For epub 2 that is (like it or not) Abobes RMSDK and used by almost all dedicated devices (Sony, Bookeen etc.)
For epub 3: I don't know. Readium?
If Kobo wants to use a proprietary format it should be better than the "standard" and solve (some of) its limitations.
If you want epubs, that's your choice. Select the download Adobe epub or Adobe DRM epub option if you're buying from Kobo. If you're buying from B&N, good luck since you may have fun getting their DRM to work with a Kobo. If you want to download Adobe ADEPT DRM files from your local library?

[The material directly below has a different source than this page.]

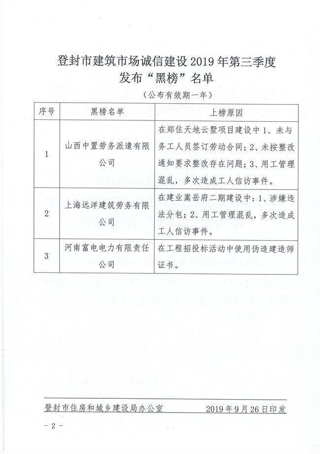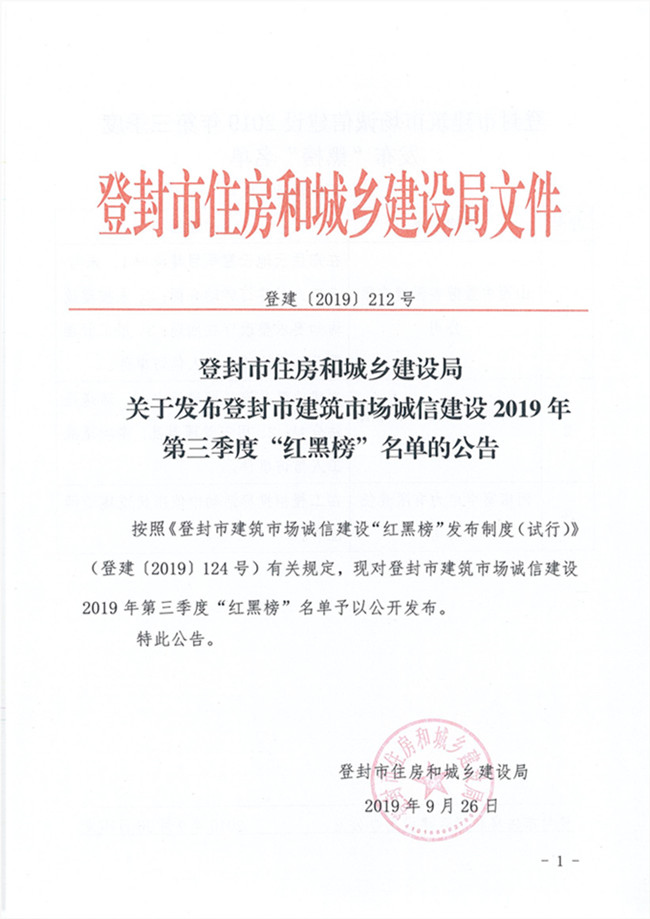 登封市住房和城乡建设局关于发布登封市建筑市场诚信建设2019年第三季度“红黑榜”名单的公告

You will read those with the ARM renderer on a Kobo.

If you want a ebook that is capable of any text direction other than left to right, top to bottom Western European text, you have to look at other choices than the Adobe RMSDK. Readium may have a product in the future, for now what they have is an add-on for the Chrome browser, an add-on that has in my limited experience playing with it, has quite a few issues with rendering -- among other items, the two Japanese language epub3 files I tried didn't work. Looking at SDK page, they are moving along but still have quite a ways to go. Perhaps, Kobo should have stayed out of the Japanese market for the next couple of years?

It would also appear that ACCESS, who supply the NetFront renderer used by Kobo for kepub files, is now a member of the Readium group. The various blurbs for NetFront BookReader are filled with comments about supporting EPUB3 so that makes sense.